### SOURCE DATA

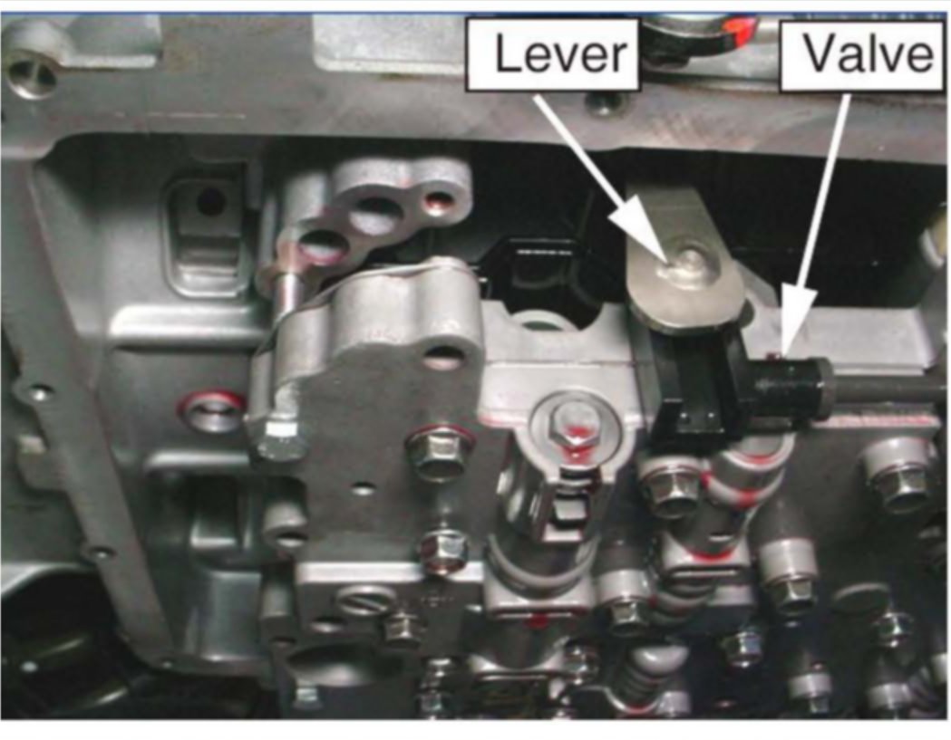 18. Carefully align the manual valve to the shift lever and install the new valve body.
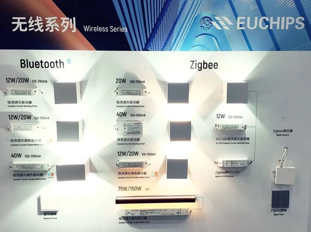歐切斯本次展廳設(shè)計(jì)特別注重觀眾體驗(yàn),攜最新產(chǎn)品、新技術(shù)以及智能調(diào)光整體解決方案重磅亮相。比如經(jīng)典的國標(biāo)調(diào)光和控制系統(tǒng)的產(chǎn)品,主要針對市場上主流的LED燈具,如筒射燈、燈帶、線性燈、面板燈、磁吸燈等照明產(chǎn)品,從調(diào)光信號(hào)(DALI、DMX、0/1-10V和可控硅)、恒壓恒流、調(diào)色溫、藍(lán)牙、Zigbee、非調(diào)光等維度不同輸出功率的產(chǎn)品,能完美解決實(shí)際應(yīng)用過程中的啟亮點(diǎn)高,低端閃爍,調(diào)光范圍窄等不兼容的問題。
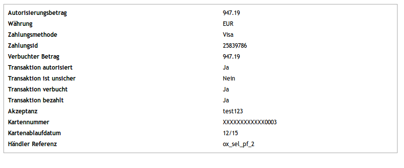 Nachfolgend finden Sie die Testdaten für die Zahlungsmethoden:Kartennummer 5404 1070 0002 0010 Expiry Date 12/2020 CVC 123 |
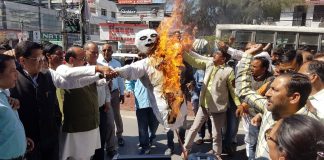 कांग्रेस ने भाजपा सरकार का पुतला फूंका

######

ASSIGNMENT — Repeat the whole of the material above exactly, but keep the pictures out.

ANSWER SECTION —
 18. Carefully align the manual valve to the shift lever and install the new valve body.
歐切斯本次展廳設(shè)計(jì)特別注重觀眾體驗(yàn),攜最新產(chǎn)品、新技術(shù)以及智能調(diào)光整體解決方案重磅亮相。比如經(jīng)典的國標(biāo)調(diào)光和控制系統(tǒng)的產(chǎn)品,主要針對市場上主流的LED燈具,如筒射燈、燈帶、線性燈、面板燈、磁吸燈等照明產(chǎn)品,從調(diào)光信號(hào)(DALI、DMX、0/1-10V和可控硅)、恒壓恒流、調(diào)色溫、藍(lán)牙、Zigbee、非調(diào)光等維度不同輸出功率的產(chǎn)品,能完美解決實(shí)際應(yīng)用過程中的啟亮點(diǎn)高,低端閃爍,調(diào)光范圍窄等不兼容的問題。
 Nachfolgend finden Sie die Testdaten für die Zahlungsmethoden:Kartennummer 5404 1070 0002 0010 Expiry Date 12/2020 CVC 123 |
 कांग्रेस ने भाजपा सरकार का पुतला फूंका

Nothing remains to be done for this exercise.